Recently, CNN has also been attempted to the SR of HSIs in the spectral dimension [
47], demonstrating the feasibility and superiority of convolution to spectral dimension. Therefore, in order to alleviate spectral distortion by extending existing CNN based SR algorithms to HSIs, effectively utilizing both spatial context and spectral discrimination is of crucial importance. Such integration of spatial context and spectral discrimination has been demonstrated to be of great superiority in many hyperspectral applications, e.g., noise removal [
48,
49], classification [
50,
51], and SR [
52]. In CNN based hyperspectral applications, Makantasis et al. integrated spatial-spectral information into CNN using a randomized principal component analysis (RPCA) [
53]. However, the spatial-spectral features fed to CNN using RPCA cannot be directly extended for SR applications due to information loss. The 3D convolution has been demonstrated to be very effective to explore volumetric data [
54,
55,
56,
57] and successfully applied to HSIs to explore both spatial context and spectral discrimination for classification [
58]. Therefore, in order to explore both spatial context and spectral discrimination for spatial SR of HSIs, a three-dimensional full CNN (3D-FCNN) framework is proposed. Specifically, the 3D convolution operation is used to explore both spatial context between neighboring pixels and spectral correlation in adjacent band images so that spectral distortion is alleviated. In order to avoid the requirement of a large amount of labelled samples to train such a 3D-FCNN, a sensor-specific manner is designed such that the 3D-FCNN trained on a certain HSI can be directly applied for the SR of other HSIs acquired by the same sensor. Finally, extensive experiments on four HSIs acquired by two well-known hyperspectral sensors, namely HYDICE and ROSIS sensors, are carried out to demonstrate the effectiveness of the proposed algorithms for spatial SR of HSIs.
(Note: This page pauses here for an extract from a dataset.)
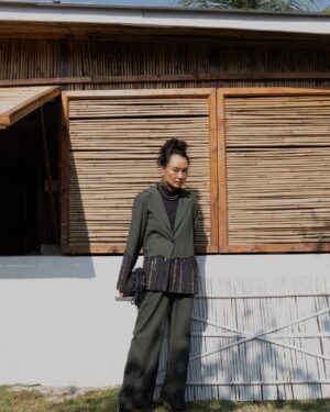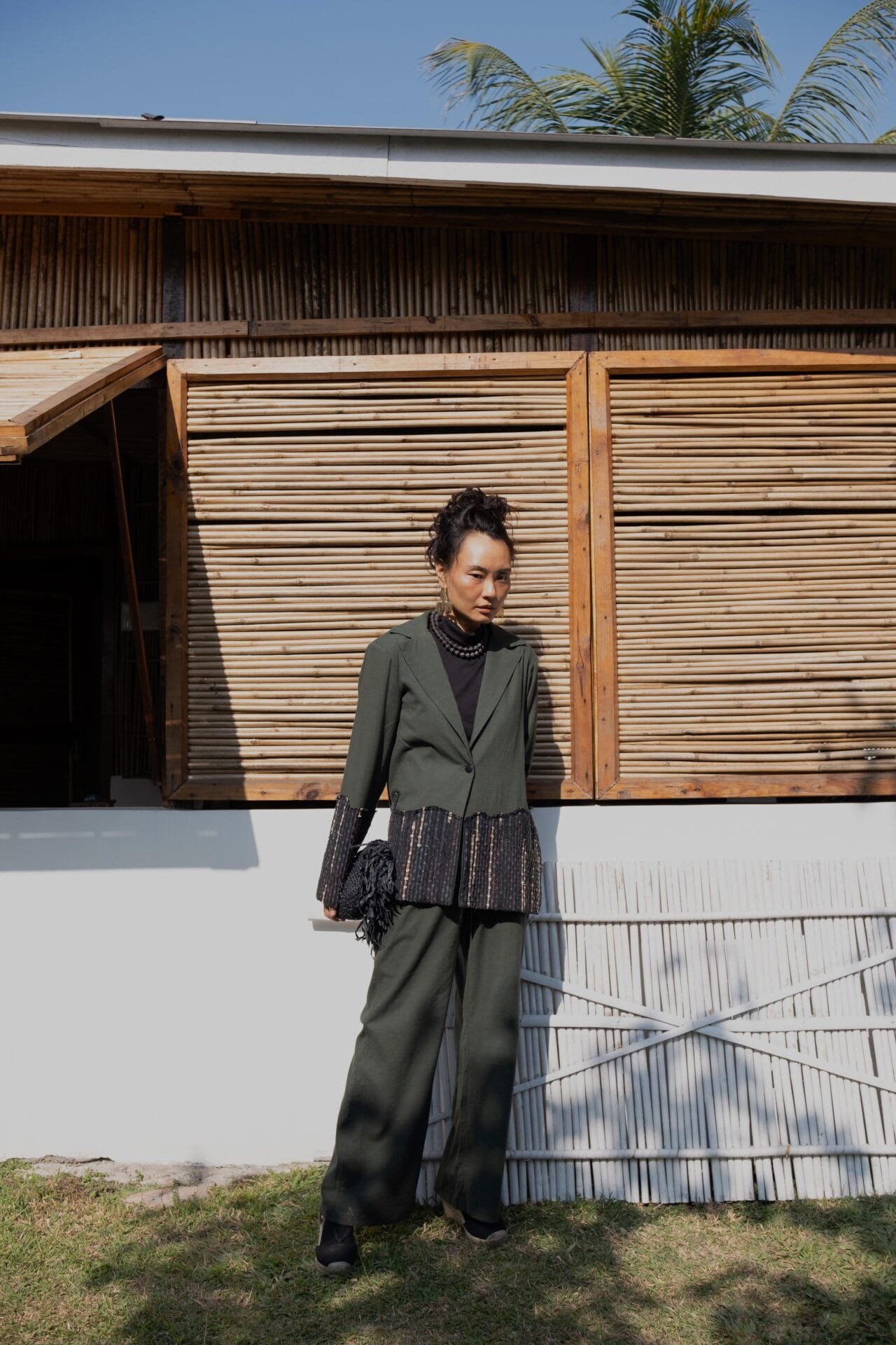 The garment is made from hand woven upcycled fabric and so the color might vary slightly for each batch.

In summary, the main contributions of this work can be summarized as follows:
- (1)
A 3D-FCNN architecture is designed to directly learn an end-to-end mapping between low spatial-resolution and high spatial-resolution HSIs. Specifically, a 3D convolution operation is designed to explore both the spatial context between neighboring pixels and the spectral correlation in adjacent band images so that the spectral distortion is alleviated.
- (2)
A sensor-specific manner is designed for the proposed 3D-FCNN to avoid the requirement of a large amount of training samples from the target scene, such that a well-trained 3D-FCNN model from an HSI can be directly applied for spatial SR of other HSIs acquired by the same sensor.
The rest of this paper is organized as follows: our proposed 3D-FCNN architecture for spatial SR of HSIs is proposed in
Section 2. The experimental results on HSIs acquired by different sensors are reported in
Section 3. Finally, discussions and conclusions are presented in
Section 4 and
Section 5, respectively.
2. Materials and Methods
Deep learning networks have achieved great success in the SR of color images. For example, SRCNN [
42] aims at learning an end-to-end mapping by taking low spatial-resolution images as input and directly outputs the high spatial-resolution of the input image. However, the 2D convolutional layer utilized in SRCNN mainly takes the spatial information into consideration. When these networks are directly used for SR of HSIs in a band-by-band manner (or three bands treated as a false color image), e.g., msiSRCNN [
44], it easily results in spectral distortion because the strong spectral correlation in HSIs is ignored. Therefore, in order to maintain the spectral fidelity of HSIs after spatial SR, both spatial context of adjacent pixels and spectral correlation among neighboring bands should be considered.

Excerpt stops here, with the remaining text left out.